#### GIVEN RECORDS
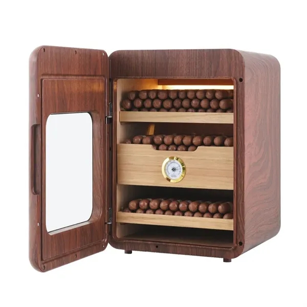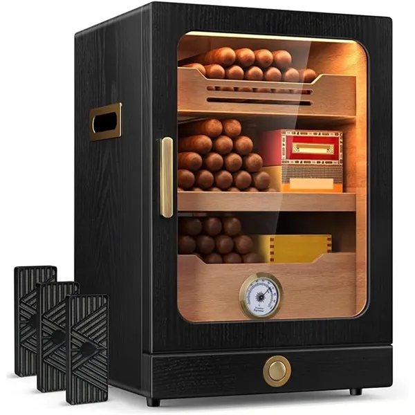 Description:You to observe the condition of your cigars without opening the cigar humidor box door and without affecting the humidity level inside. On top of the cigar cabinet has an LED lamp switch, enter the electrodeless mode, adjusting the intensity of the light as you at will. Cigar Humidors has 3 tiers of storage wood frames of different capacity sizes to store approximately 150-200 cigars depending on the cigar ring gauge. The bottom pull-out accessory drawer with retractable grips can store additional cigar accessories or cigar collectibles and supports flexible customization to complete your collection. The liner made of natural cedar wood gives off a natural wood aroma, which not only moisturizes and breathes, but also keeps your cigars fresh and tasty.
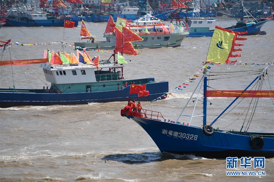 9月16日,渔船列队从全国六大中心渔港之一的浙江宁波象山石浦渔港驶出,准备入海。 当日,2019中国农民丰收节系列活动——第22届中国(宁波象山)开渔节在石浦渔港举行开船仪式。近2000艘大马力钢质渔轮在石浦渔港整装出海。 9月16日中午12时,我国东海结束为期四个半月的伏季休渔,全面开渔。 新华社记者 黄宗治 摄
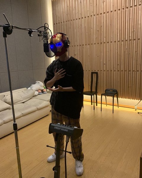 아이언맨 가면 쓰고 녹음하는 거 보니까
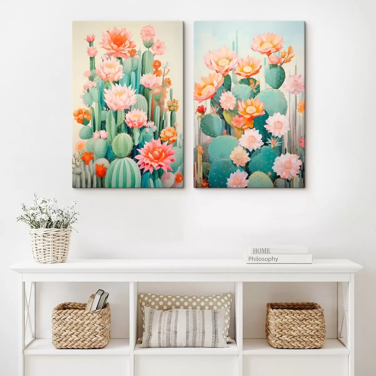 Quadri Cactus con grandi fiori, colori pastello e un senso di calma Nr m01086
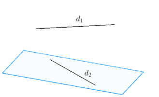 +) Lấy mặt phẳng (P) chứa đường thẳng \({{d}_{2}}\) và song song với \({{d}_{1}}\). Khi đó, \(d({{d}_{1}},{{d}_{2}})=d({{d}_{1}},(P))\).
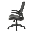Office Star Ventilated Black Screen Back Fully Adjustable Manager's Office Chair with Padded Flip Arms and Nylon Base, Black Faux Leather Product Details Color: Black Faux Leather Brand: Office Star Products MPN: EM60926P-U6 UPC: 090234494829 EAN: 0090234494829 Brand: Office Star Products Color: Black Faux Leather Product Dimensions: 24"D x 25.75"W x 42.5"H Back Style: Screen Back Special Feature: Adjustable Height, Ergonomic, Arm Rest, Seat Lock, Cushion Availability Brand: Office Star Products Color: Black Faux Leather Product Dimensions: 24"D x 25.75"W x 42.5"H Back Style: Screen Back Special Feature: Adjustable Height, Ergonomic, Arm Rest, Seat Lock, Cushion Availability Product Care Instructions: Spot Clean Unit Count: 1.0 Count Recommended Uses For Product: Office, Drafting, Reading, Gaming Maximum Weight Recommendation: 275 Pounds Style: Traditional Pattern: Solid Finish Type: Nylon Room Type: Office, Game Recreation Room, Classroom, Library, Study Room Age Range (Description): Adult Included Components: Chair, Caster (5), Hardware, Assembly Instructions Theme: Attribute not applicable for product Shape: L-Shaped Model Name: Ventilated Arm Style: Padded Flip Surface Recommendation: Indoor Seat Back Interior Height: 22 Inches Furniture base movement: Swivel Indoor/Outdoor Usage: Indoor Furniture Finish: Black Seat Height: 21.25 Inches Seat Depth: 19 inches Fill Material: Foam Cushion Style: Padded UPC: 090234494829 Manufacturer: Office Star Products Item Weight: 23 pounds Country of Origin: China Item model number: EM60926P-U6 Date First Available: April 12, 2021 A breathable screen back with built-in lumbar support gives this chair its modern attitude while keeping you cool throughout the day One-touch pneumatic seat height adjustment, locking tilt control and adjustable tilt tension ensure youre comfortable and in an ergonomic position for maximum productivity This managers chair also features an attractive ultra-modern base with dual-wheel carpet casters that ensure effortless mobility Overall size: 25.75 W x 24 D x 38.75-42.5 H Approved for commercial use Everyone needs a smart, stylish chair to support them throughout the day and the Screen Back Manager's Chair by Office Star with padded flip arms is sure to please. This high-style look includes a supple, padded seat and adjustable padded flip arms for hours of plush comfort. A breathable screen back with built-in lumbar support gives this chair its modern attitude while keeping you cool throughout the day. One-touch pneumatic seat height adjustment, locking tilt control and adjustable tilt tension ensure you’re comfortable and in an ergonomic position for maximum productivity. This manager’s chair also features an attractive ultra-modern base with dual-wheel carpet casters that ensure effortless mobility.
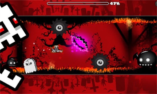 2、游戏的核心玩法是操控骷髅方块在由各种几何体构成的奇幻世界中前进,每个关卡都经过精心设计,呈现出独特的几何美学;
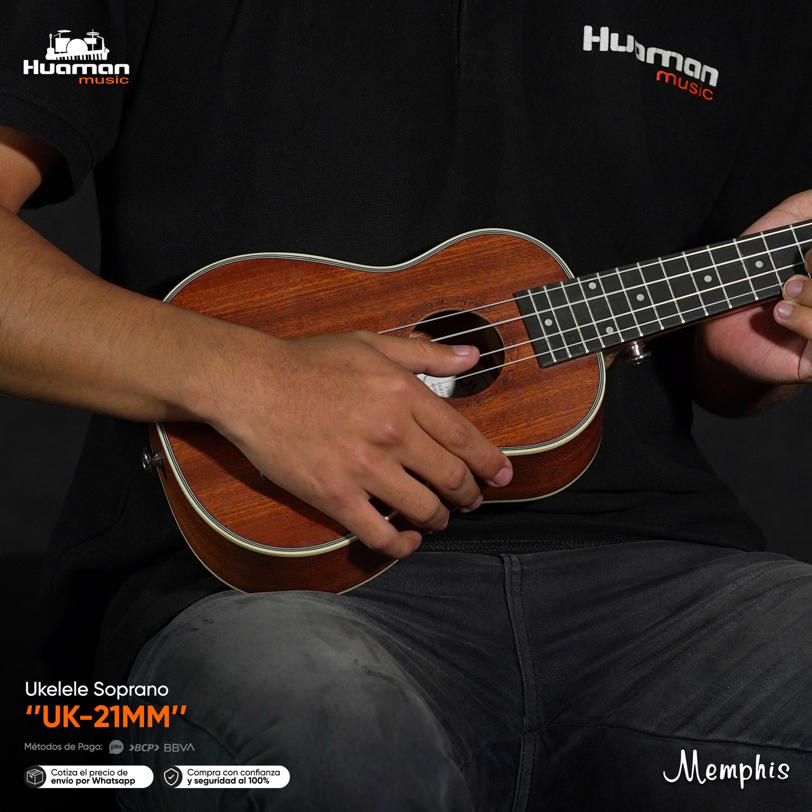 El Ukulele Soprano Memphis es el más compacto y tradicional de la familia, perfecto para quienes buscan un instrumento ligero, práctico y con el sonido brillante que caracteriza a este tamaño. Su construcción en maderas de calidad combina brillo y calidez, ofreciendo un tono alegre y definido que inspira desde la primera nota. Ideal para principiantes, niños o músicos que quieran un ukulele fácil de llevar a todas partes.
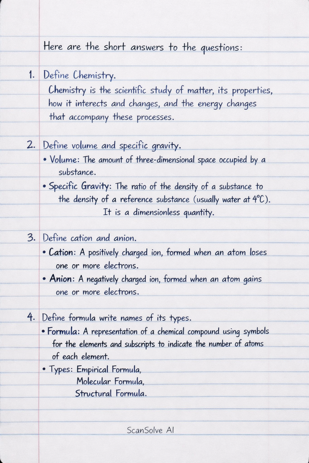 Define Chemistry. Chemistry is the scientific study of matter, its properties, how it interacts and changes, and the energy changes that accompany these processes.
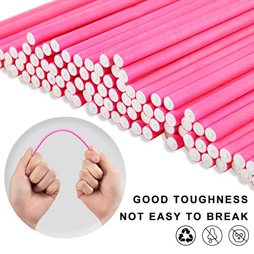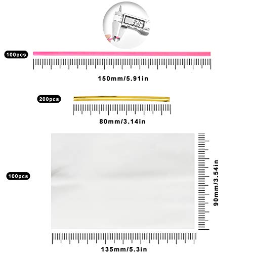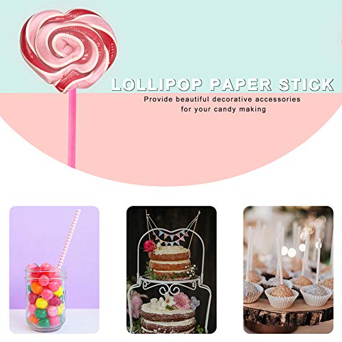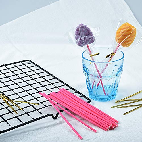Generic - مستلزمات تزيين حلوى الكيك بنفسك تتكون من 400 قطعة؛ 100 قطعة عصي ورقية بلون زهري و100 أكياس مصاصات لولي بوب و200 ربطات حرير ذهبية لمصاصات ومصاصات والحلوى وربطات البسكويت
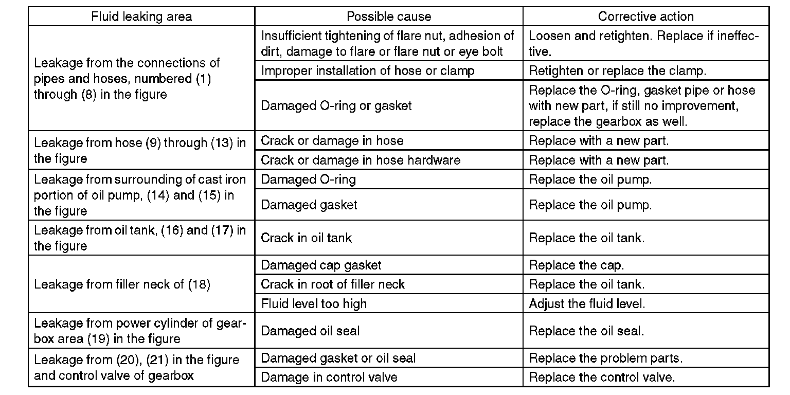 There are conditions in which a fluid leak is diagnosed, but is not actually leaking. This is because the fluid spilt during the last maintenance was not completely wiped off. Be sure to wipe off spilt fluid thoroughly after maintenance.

#### EXERCISE DETAILS
Starting with the line that contains "El Ukulele Soprano" and finishing with the line that contains "Generic - مستلزمات", reproduce every line of the material above exactly, but not the pictures.

#### ANSWER SPACE
 El Ukulele Soprano Memphis es el más compacto y tradicional de la familia, perfecto para quienes buscan un instrumento ligero, práctico y con el sonido brillante que caracteriza a este tamaño. Su construcción en maderas de calidad combina brillo y calidez, ofreciendo un tono alegre y definido que inspira desde la primera nota. Ideal para principiantes, niños o músicos que quieran un ukulele fácil de llevar a todas partes.
 Define Chemistry. Chemistry is the scientific study of matter, its properties, how it interacts and changes, and the energy changes that accompany these processes.
Generic - مستلزمات تزيين حلوى الكيك بنفسك تتكون من 400 قطعة؛ 100 قطعة عصي ورقية بلون زهري و100 أكياس مصاصات لولي بوب و200 ربطات حرير ذهبية لمصاصات ومصاصات والحلوى وربطات البسكويت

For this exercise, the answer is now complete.